Note that the degree of polarization is such that two identical polarizers are superposed so that their transmission axes are parallel (transparency: Tp) and superposed so that their transmission axes are orthogonal to each other. In this case, the transmittance (orthogonal transmittance: Tc) is determined by applying the transmittance to the following equation.
Polarization degree (%) = {(Tp−Tc) / (Tp + Tc)} ^1/2 × 100
Each transmittance is represented by a Y value obtained by correcting visibility with a two-degree field of view (C light source) of JIS Z8701, with 100% of the completely polarized light obtained through the Granteller prism polarizer. The measurement wavelength was 550 nm.

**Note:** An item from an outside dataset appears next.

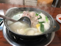 돼지, 닭 모두 취급 중인 K-국밥집 45년 노포인데 젊은 부부 사장님이 운영하시는 중 아무래도 2대째... 노계 한마리를 결대로 찢어낸 닭한마리 맛보기 닭육수 뚝배기도 하나 딸려나오고 아무래도 노계라...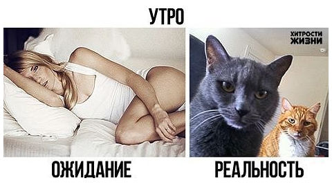Я утром, выключив будильник, сначала кормлю котов (не продрав толком глаза), и только потом иду в ванную комнату умываться. Иначе они своими воплями разбудят весь дом. И своими метаниями под моими ногами меня обязательно уронят.

It is the schematic which shows an example of the drying process in the manufacturing method of the polarizer of this invention. It is the schematic which shows the drying process used by the comparative example.

Explanation of symbols

F film R1-6 Heat roll A Oven B Hot air outlet

Claims (8)

In the manufacturing method of the polarizer which gives a drying process after giving at least a dyeing process, a bridge construction process, and an extending process to a polyvinyl alcohol film,
In the drying process,
The film having a moisture content of 40% by weight or more subjected to the above steps,
The film is dried by contacting with a plurality of continuous heat rolls,
A method for producing a polarizer, wherein the moisture content of the film is 20% by weight or less.   2. The method of manufacturing a polarizer according to claim 1, wherein the rotation speed of the downstream-side heat roll and the rotation speed of the upstream-side heat roll are different between at least one set of successive rolls of the plurality of heat rolls. . Speed ratio represented by the following formula:
Speed ratio = (Rotational speed of downstream thermal roll / Rotational speed of upstream thermal roll) × 100 (%),
The method for producing a polarizer according to claim 2, wherein the ratio is 95% or more and less than 100%, or more than 100% and 130% or less.   The temperature of a heat roll is 30-100 degreeC, The manufacturing method of the polarizer in any one of Claims 1-3 characterized by the above-mentioned.   The polarizer obtained by the manufacturing method in any one of Claims 1-4.   A polarizing plate provided with a transparent protective film on at least one surface of the polarizer according to claim 5.   An optical film, wherein at least one of the polarizer according to claim 5 or the polarizing plate according to claim 6 is laminated. An image display device using at least one polarizer according to claim 5, a polarizing plate according to claim 6, or an optical film according to claim 7.